Data

Alpha Data: the revolution in financial services

How AI-powered 'alpha data' is overtaking traditional data sources, and why charging your phone could help you take out a loan.

Michael Lewis’s 2014 book Flashboys investigated the phenomenon of High Frequency Trading, and the lengths that financial organizations go in order to out-compete the competition. Like spending $300 million to build an 827-mile fiber-optic cable that cut straight through mountains and rivers from Chicago to New Jersey – with the sole goal of reducing data transmission time from 17 to 13 milliseconds. It wasn’t crazy either. According to various insiders, that 4 millisecond time advantage made traders billions.

This is an example of ‘alpha’ – the ability of financial companies to find an edge that they can leverage against competitors and outperform markets.

Today, the infrastructure battle has leveled-off. The new alpha lies in the changing nature of data, and advances in AI that can identify probabilistic structure and patterns in complex data at super-massive scale and speed.

For decades, the finance sector recruited the best maths & science talent from top universities and set them to work on complex regression techniques in order to model and forecast the future. Feeds into Reuters and Bloomberg terminals was their bedrock data and the ‘edge’ was the quality of the talent they were able to recruit.

But times are changing. As Yann LeCun, Professor of AI at New York University and VP of AI at Meta Group states: “Most of the data in the world will be created by machines and will reside within machines, so we need new techniques to access and interpret what’s going on”.

This is where the edge is today: the new world of complex, automated, heterogeneous unstructured data at massive scale. It can be a trove of new opportunity for forward thinking organizations, or an existential threat for those that cannot make the pivot.

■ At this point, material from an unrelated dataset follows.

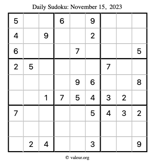 Here is the November 15, 2023 sudoku puzzle. You are welcome to print a copy to solve by hand. For your convenience, we have also included the solution further down the page so you can check your work.

The data explosion in financial services

The big change for Banking and Financial Services is the volume of what’s called ‘alternative’ data: data that isn’t from traditional sources. That is often non-numerical (text, speech, image, geospatial), unstructured and semi structured, and can come from almost anywhere: customer interactions, social media, news articles, financial announcements. According to Grandview research, the alternative data market is now worth US $11.65 billion, and is projected to grow at a compound annual growth rate of 63.4 per cent from 2025 to 2030.

The expansion of artificial intelligence (AI) and machine learning technologies is fueling this growth, by making it easier to turn this complex data into applied insight. Alternative data sources, which are often unstructured and come from various formats, are processed and analyzed with the help of AI to uncover patterns and trends that were previously difficult to detect.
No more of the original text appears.